Then the optimization-call for this would be something like:
% load the temperature and stress and strain-data
% put them into the variables T_obs, strain_obs, stress_obs or change the
% names below to the names you use.
% initial guess of parameters (I have no idea, you should hopefully have a good/OK idea)
par0 = [A_best_guess,m1_b_g,m2_b_g,m3_b_g,m4_b_g,m5_b_g,m7_b_g,m8_b_g,m9_b_g];
[best_pars,[X,res_n,stress_residuals,exFlag] = lsqnonlin(@(pars) res_strains_fcn(pars,T_obs,strain_obs,stress_obs),...
par0);
% If you get a value in exFlag that is different from 1 (possibly 2 or 3
% are OK), especially if it is 0, then you can continue the search from :
[best_pars,[X,res_n,stress_residuals,exFlag] = lsqnonlin(@(pars) res_strains_fcn(pars,T_obs,strain_obs,stress_obs),...
best_pars);
% If you can define lower and upper bounds on some of the parameters then
% that might help the fitting (much, very much, ?)

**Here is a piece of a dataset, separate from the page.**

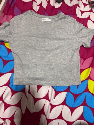 Camiseta corta de la marca Leftie. - Color gris jaspeado. - Corte crop top. - Tejido suave y ligero.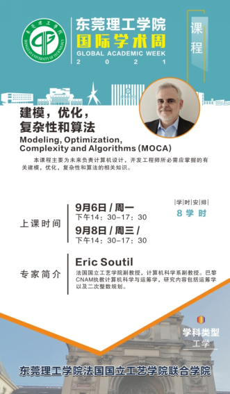太阳城集团作为经国家教育部批准设立的东莞市第一所中外合作办学机构,一直致力于服务和推动公司高等教育国际化的发展。作为公司国际教育合作的重要载体,公司高度重视并积极配合公司国际学术周的总体部署,与合作方法国国立工艺公司积极沟通,该校鼎力支持,精心挑选国际名师,为公司2021国际学术周准备了两场讲座和三门课程,具体介绍如下:

LB = par0-27; % not a serious suggestion, you have to set these based off of
LB(3) = -inf; % your field expertise, -inf means unbounded towards small values
UB = par0*3; % not a serious suggestion, you have to set these based off of
UB(5) = inf; % your field expertise, -inf means unbounded towards small values
[best_pars,[X,res_n,stress_residuals,exFlag] = lsqnonlin(@(pars) res_strains_fcn(pars,T_obs,strain_obs,stress_obs),...
par0,LB,UB);
If you also have standard deviations you that can be trusted you should use those to get properly weighted residuals.
HTH
  1 Comment
Matt J
Matt J on 27 Jan 2023
But first, I would do a linear fit to log(stress) as an easy of coming up with an initial guess.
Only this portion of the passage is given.